# accepting debit/credit cards



## Vance (Jun 2, 2009)

I have a couple of fairs and a farmers market who want me to sell at them. They both have asked if i am set up to take debit/credit cards. I am not and never have been. My question is do any of you and if you do what are the pitfalls to avoid. Is it worth it?


----------



## alpha6 (May 12, 2008)

I don't and the reason is because most of my sells are not large amounts at farmers markets. In order to get set up you will have to buy a card reader and wireless, which last time I checked, ran about 800 bucks. You then also have to pay for the service plus 3% or a bit more on every sale. If you were selling jewelry or other items that ran up or close to a hundred bucks or so then it may be worth it. But for 5-10 buck sales it is going to take awhile to re-coop your initial outlay. Maybe someone who actually does use a reader will respond and list the benefits of having it. I personally have lost maybe 5 sales last year out of thousands. Most people have cash in smaller amounts or at least can write a check.


----------



## 67630 (Jul 17, 2008)

Many years ago I took cards. Not anymore. Another charge they forget to inform you of is if you dont use the thing during a month they still charge a fee just for having it. The initial cost of setup is down now to around 300 or so if you shop and the amount they take is usually less than 2% per sale but it also depends on the average sale dollar amount. There are some companies out there that lease the equipment but charge like 50 bucks a month. I was recently told that fewer people are using cards lately. I would rather lose an occasional sale but I found that when a person asks if you take credit cards and you say no they then pay in cash anyway.


----------



## mark c (Apr 5, 2010)

We accept credit cards mainly for a different business, it costs us $35 per month plus about 2% plus I think $.20 per transaction. We still use a knuckle buster and hand enter the numbers after the show this means that we can't check to see if the card is good at the time of the sale. If you decide to sell on line or mail order I would go with the CC if you are only doing farmers markets and such I think that you will be money ahead to not get into the credit card stuff. If you do decide to take cards shop around the difference in how much you will pay is huge.


----------



## wolfpenfarm (Jan 13, 2009)

well simple solution would be to accept paypal. If you have a cell phone with internet access and web browsing, you can enter cc numbers and pay through paypal


----------



## fish_stix (May 17, 2009)

Cash!!!!!!!!!!!!


----------



## Chef Isaac (Jul 26, 2004)

paypal will not work for farmers markets. 

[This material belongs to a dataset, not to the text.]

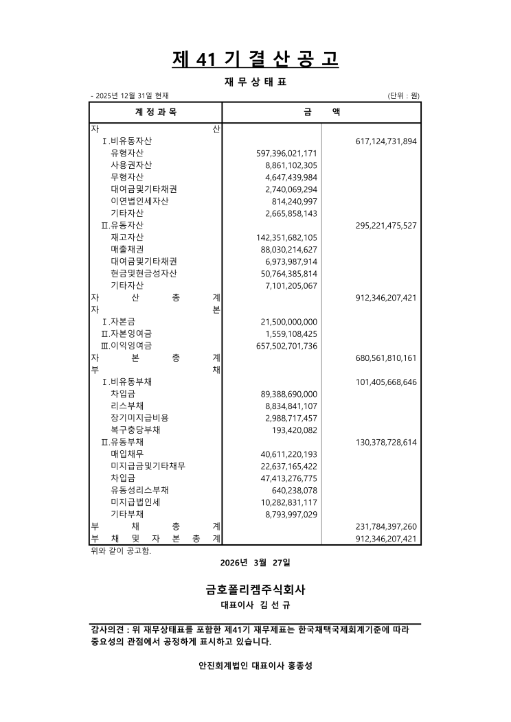 제41기 결산공고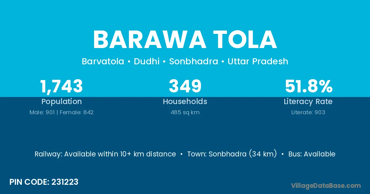 Sonbhadra (34 km) is the nearest town to Barawa Tola village for major economic activities and is located approximately 34 km away.

We have been taking credit cards for over a year now and we have increased our sales by about 200%. It is a FACT that people buy more when using a card and we have seen it first hand many times. People say "oh, I wish I had cash". We say we accept credit cards and there is the sale. AND it is easier to up sell them. 

The cheapest and best place is merchant made easy. Call them and talk with a guy named Tony. Tell him sweet as can bee honey farm sent you. He will help you out. 

Machine is very reasonable and yes, it will pay off in more ways then one!


----------



## alpha6 (May 12, 2008)

Hey Chef,

Is that 200% increase at farmers markets or total sales. I know you also sell over the internet and a CC is required for that but am curious if it that increase was from your farmers market sales.

Thanks


----------



## manfre (Dec 12, 2008)

If you have a smart phone, you could look in to https://squareup.com/.


----------



## My-smokepole (Apr 14, 2008)

I have seen some add on for cell phone like square up. Can't remember where I saw it maybee the paper but it sound cheaper than the $800 #
David


----------



## kbenz (Feb 17, 2010)

if you have internet on your phone could you just use paypal?


----------



## Cactii (Sep 5, 2009)

Internet connection & Paypal is the way to go here... Even if you have to bring a laptop and a USB cellular data connection it'd be worth your while.

Only problem I see is people accepting whether what you're doing is legitimate or not.


----------



## Vance (Jun 2, 2009)

Thanks for all the help. I do have internet access on my cell phone, and i do have a pay-pal account that might make the most sense. Would be a lot less hasstle. I"ll check into it, thanks again. 

Vance


----------



## Beethinking (Jun 2, 2008)

I would give PayPal's Virtual Terminal a shot:

https://www.paypal.com/cgi-bin/webscr?cmd=_vt_hub-outside

Cheers,
Matt


----------



## Chef Isaac (Jul 26, 2004)

Alpha: That is 200% more at the MARKET level and craft shows. Here is an example.... 

We were at a market in November where we pull in about 800... no visa cards. Last year we pulled in $900 in cash and about $1500 in credit card sales. 

It is totally worth it. 

Brining a laptop to a market is out of the question. It would be way to hard to even deal with it while you have a line of customers.


----------



## Chef Isaac (Jul 26, 2004)

here is what I pay at merchant made easy. 

$375 for machine.... wireless, you own it. They give you all supplies needed. Need more paper.... you call them and send it free. 
1.11% debit .19 per tran
1.64% credit cards and .19 per tran
$7.95 statement fee
$15 a month for wireless fee.


----------